DCL 4.3 Instruction | Biblical Case Studies | Nehemiah and Paul
Video Presentation: Todd Mullins, Lead Pastor and Shaun Blakeney, Student Ministry Pastor, Christ Fellowship, Florida
Nehemiah was a strategic thinker. The wall of Jerusalem was in shambles and urgently needed to be restored. It seems remarkable, but Nehemiah could see both the problem and the solution, even though he had never visited Jerusalem. Nehemiah knew his purpose, made his plan and led the people through the process. His story is truly one of the most remarkable accounts of leadership and strategic thinking ever recorded. Look at his strategic thinking:
1. He saw the problem.
2. He prayed for divine favor.
3. The problem became his problem.
4. He developed his action plan.
5. He understood the resources that would be necessary for success.
6. He explained his strategy to other leaders.
7. He asked them for help.
8. He established priorities.
9. He was persistent.
- The people of Jerusalem needed only 52 days to rebuild a city wall that had been in ruins for more than 120 years. Do you agree that strategic thinking was a key reason for this remarkable achievement?
- Discuss the ways that Nehemiah’s strategic thinking impacted the successful rebuilding of the wall.
The apostle Paul, a key leader in establishing the early Church, was a strategic thinker. Note several components of his strategic plan:
1. Preached the gospel to Jews and Gentiles.
2. Selected and mentored key leaders to assist him.
3. Selected major cities in which to establish the Church.
4. Selected cities where he could influence the greatest number of people.
5. Wrote letters of instruction, correction and encouragement to key churches and leaders.
6. Challenged all churches to focus on a shared vision.

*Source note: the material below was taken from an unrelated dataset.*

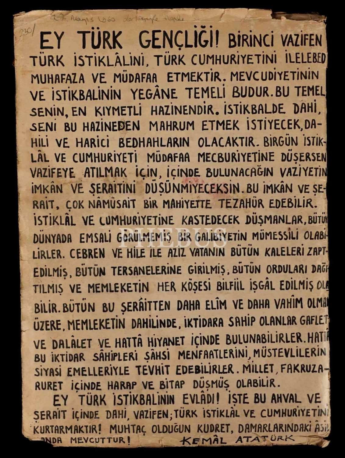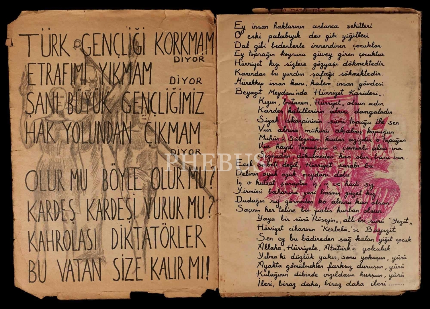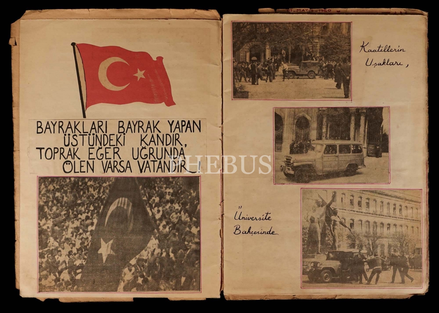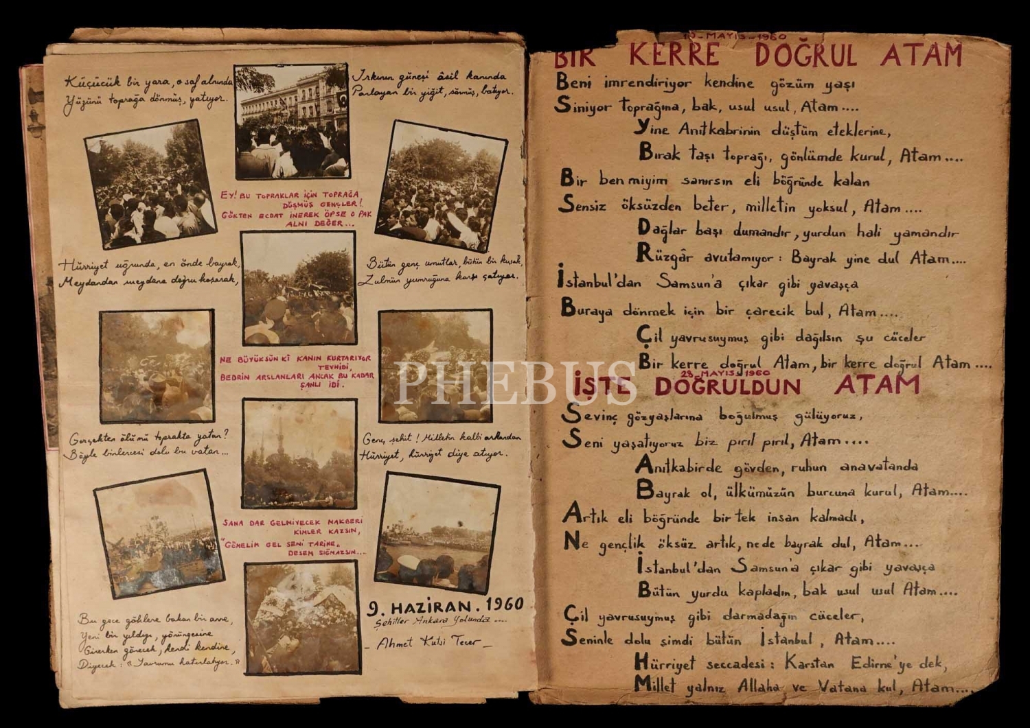 28 Nisan 1960 olaylarını konu alan yazılar ve dönemin gazetelerinde yayımlanan fotoğrafların yer aldığı el yazısı ile hazırlanmış albüm,

A Note of Caution for Christian Leaders:
Isaiah reminds all of us of the utmost importance of seeking the guidance of the Holy Spirit in our strategic planning (Isaiah 30:1-5). Leaders must be sure their plans fit God’s revealed will for them and their organisation. They must continuously ask if their plans remain relevant to the needs of their mission, their values, their vision and their long-range objectives. This makes for wise leadership and strategic planning.
The book of Proverbs has a number of clear and practical principles regarding strategic thinking:
- Proverbs 14:15 – “A simple man believes anything, but a prudent man gives thought to his steps.”

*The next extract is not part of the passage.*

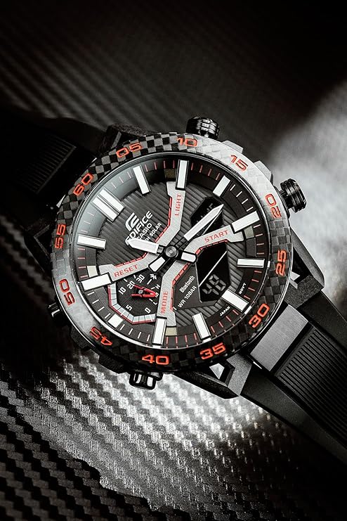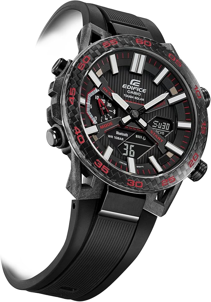 Mit ihrer Analog-Digital-Struktur bietet die Uhr sowohl klassische Eleganz als auch moderne Funktionalität. Das widerstandsfähige Karbongehäuse, das in dieser Form erstmals bei einer Edifice-Uhr eingesetzt wurde, sorgt für Leichtigkeit und Robustheit. Über die CASIO WATCHES App lässt sich die Uhr via Bluetooth® mit dem Smartphone verbinden, was automatische Zeiteinstellungen, Datenübertragungen und komfortable Steuerungsoptionen ermöglicht.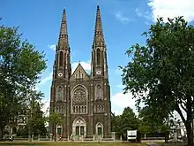 Elizabeth Marina, which was once filled with trash and debris along its walkway, was also restored. It is the site of year-round celebrations from a Hispanic festival in late spring to the lighting of a Christmas tree in winter. Living conditions in this area continue to improve year after year. Historically, there were immigrant communities centered around Christian churches. The Slavic community was centered by Sts. Peter and Paul Byzantine, the Lithuanian community attended Sts. Peter and Paul Roman Catholic and the Polish community attended St. Adalbert Roman Catholic Church which still stands. St. Patrick Church, originally Irish, dominates the 'Port; the cornerstone for the second and current building was laid in 1887.[48]

- Proverbs 15:22 – “Plans fail for lack of counsel, but with many advisers they succeed.”
- Proverbs 16:3 – “Commit to the Lord whatever you do, and your plans will succeed.”
- Proverbs 16:9 – “In his heart a man plans his course, but the Lord determines his steps.”
- Proverbs 20:18 – “Make plans by seeking advice; if you wage war, obtain guidance.”
ASSESSMENT AND APPLICATION
What are you currently doing that is not strategic for you? Assess how many hours you are working in your areas of weakness rather than in your areas of strength.
List your personal strengths in ministry and then compare the list with where you are investing your time. What changes do you need to make in order to be more strategic?